__Exercise description__
Write out the data below in full, unchanged, minus the images.

__The data__
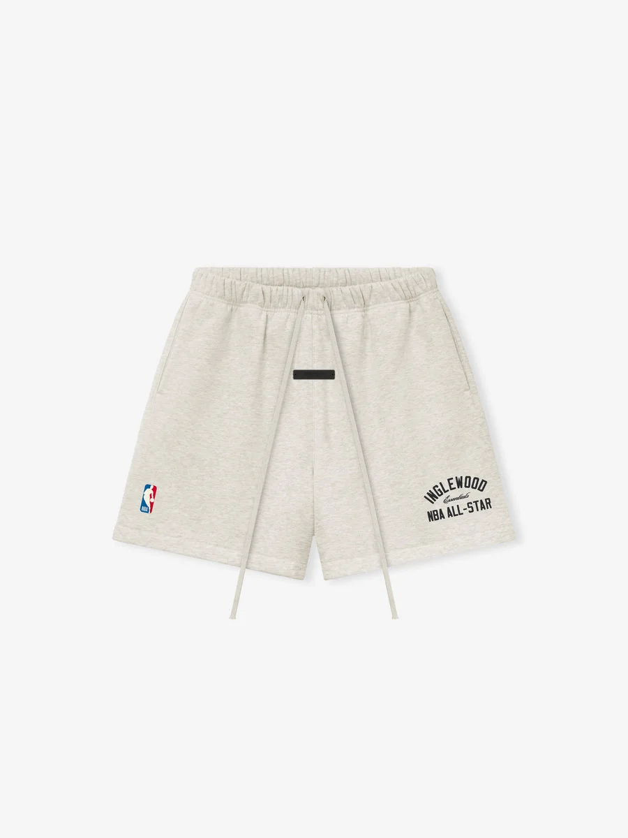 The Inglewood NBA All-Star Classic Sweatshort is crafted from 520gsm heavyweight cotton fleece, offering both structure and body to its signature, relaxed leg. The leg features a puff-printed INGLEWOOD NBA ALL-STAR lockup paired with the official NBA logo. Finishing details include an encased elastic waistband with elongated drawcords, side seam pockets, and a Fear of God Essentials label is at the center front.
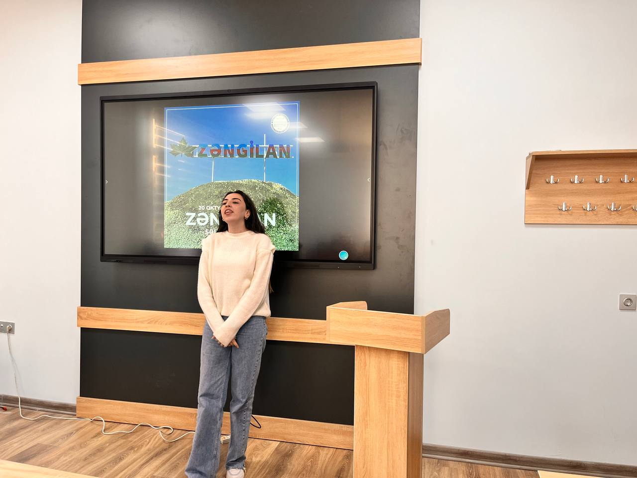 İnformasiya və sənəd menecmenti fakültəsinin müəllimi, qazi anası Vəzufə Xudiyeva Prezident İlham Əliyevin “Azərbaycan Respublikasının işğaldan azad edilmiş əraziləri üzrə şəhər günlərinin təsis edilməsi haqqında” 31 iyul 2023-cü il tarixli Sərəncamını xatırladıb, sənədin tarixi əhəmiyyətini vurğulayıb: “Cəbrayıl və Füzuli şəhərlərindən sonra 20 oktyabr 2020-ci ildə xüsusi strateji əhəmiyyətə malik olan Zəngilan şəhərinin işğaldan azad edilməsi xalqımızda yüksək əhval-ruhiyyə, müharibədə tarixi qələbə əldə edəcəyimizə sarılmaz inam hissi yaratdı”. Vəzufə Xudiyeva vurğulayıb ki, Azərbaycan Respublikasının Prezidenti, Müzəffər Ali Baş Komandan İlham Əliyevin göstərişi əsasında işğaldan azad olunmuş ərazilərdə birinci pilot layihə Zəngilan rayonun Ağalı kəndində icra edilib, yüzlərlə sakin artıq öz doğma yudlarında məskunlaşıblar. Sonra kafeda müdirləri Elçin Əhmədov, Nadir İsmayılov çıxış ediblər. Çıxışlarda Qarabağda aparılan son antiterror tədbirləri nəticəsində dövlətimizin suverenliyinin tam bərpa olunmasından, Xankəndi, Xocalı, Ağdərə, Xocavənd şəhərlərində, Əsgəran qəsəbəsində, Sərsəng su anbarının ərazisində Dövlət Bayrağımızı ucaldılmasından, xalqımıza qarşı soyqırımı törətmiş cinayətkarların həbs olunaraq ədalət məhkəməsinin mühakiməsinə verilməsindən qürurla bəhs edilib.
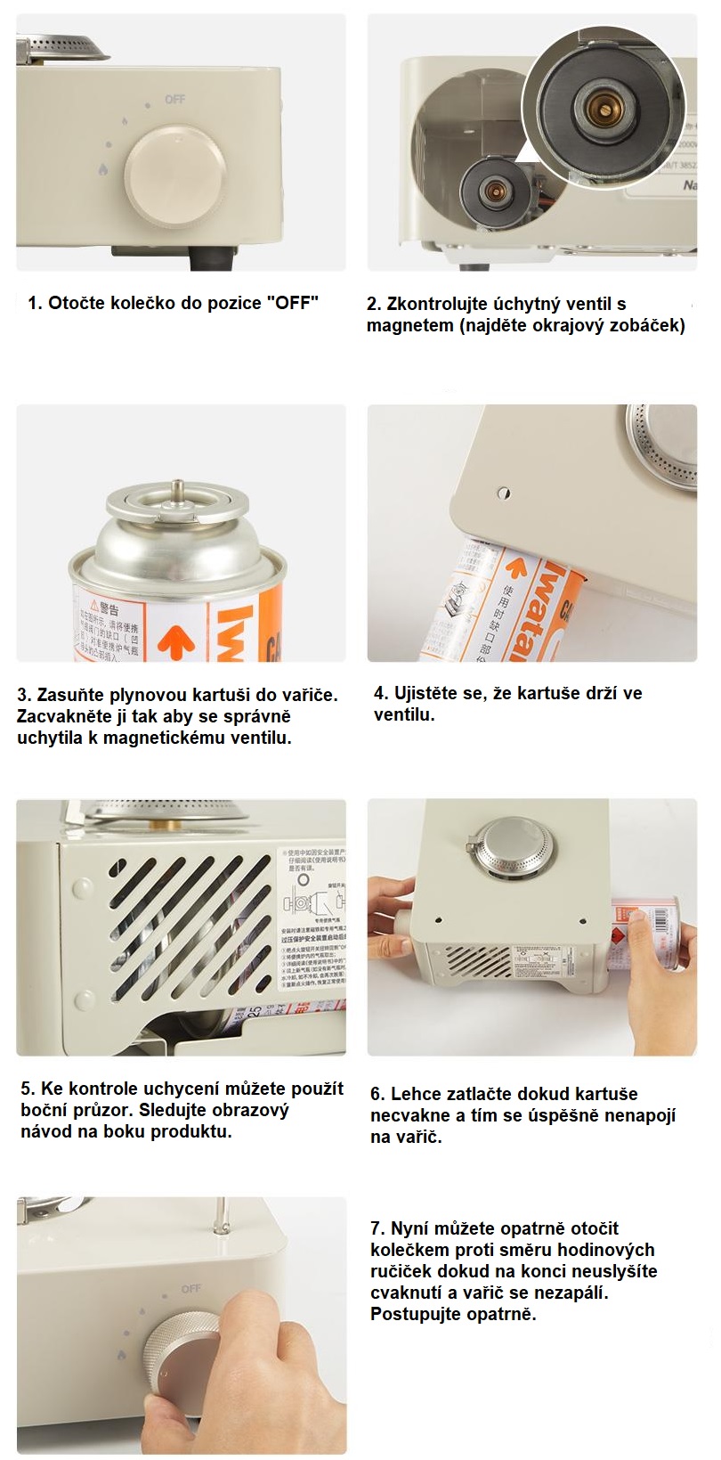 Aragazul este compatibil cu orice cartuș cu o supapă mai mică de 6,9 mm. Se recomandă utilizarea cartușelor de combustibil cu un conținut de butan mai mare de 95%. Cartușele potrivite pentru utilizare pot fi găsite aici.

__Answer to the exercise__
 The Inglewood NBA All-Star Classic Sweatshort is crafted from 520gsm heavyweight cotton fleece, offering both structure and body to its signature, relaxed leg. The leg features a puff-printed INGLEWOOD NBA ALL-STAR lockup paired with the official NBA logo. Finishing details include an encased elastic waistband with elongated drawcords, side seam pockets, and a Fear of God Essentials label is at the center front.
 İnformasiya və sənəd menecmenti fakültəsinin müəllimi, qazi anası Vəzufə Xudiyeva Prezident İlham Əliyevin “Azərbaycan Respublikasının işğaldan azad edilmiş əraziləri üzrə şəhər günlərinin təsis edilməsi haqqında” 31 iyul 2023-cü il tarixli Sərəncamını xatırladıb, sənədin tarixi əhəmiyyətini vurğulayıb: “Cəbrayıl və Füzuli şəhərlərindən sonra 20 oktyabr 2020-ci ildə xüsusi strateji əhəmiyyətə malik olan Zəngilan şəhərinin işğaldan azad edilməsi xalqımızda yüksək əhval-ruhiyyə, müharibədə tarixi qələbə əldə edəcəyimizə sarılmaz inam hissi yaratdı”. Vəzufə Xudiyeva vurğulayıb ki, Azərbaycan Respublikasının Prezidenti, Müzəffər Ali Baş Komandan İlham Əliyevin göstərişi əsasında işğaldan azad olunmuş ərazilərdə birinci pilot layihə Zəngilan rayonun Ağalı kəndində icra edilib, yüzlərlə sakin artıq öz doğma yudlarında məskunlaşıblar. Sonra kafeda müdirləri Elçin Əhmədov, Nadir İsmayılov çıxış ediblər. Çıxışlarda Qarabağda aparılan son antiterror tədbirləri nəticəsində dövlətimizin suverenliyinin tam bərpa olunmasından, Xankəndi, Xocalı, Ağdərə, Xocavənd şəhərlərində, Əsgəran qəsəbəsində, Sərsəng su anbarının ərazisində Dövlət Bayrağımızı ucaldılmasından, xalqımıza qarşı soyqırımı törətmiş cinayətkarların həbs olunaraq ədalət məhkəməsinin mühakiməsinə verilməsindən qürurla bəhs edilib.
 Aragazul este compatibil cu orice cartuș cu o supapă mai mică de 6,9 mm. Se recomandă utilizarea cartușelor de combustibil cu un conținut de butan mai mare de 95%. Cartușele potrivite pentru utilizare pot fi găsite aici.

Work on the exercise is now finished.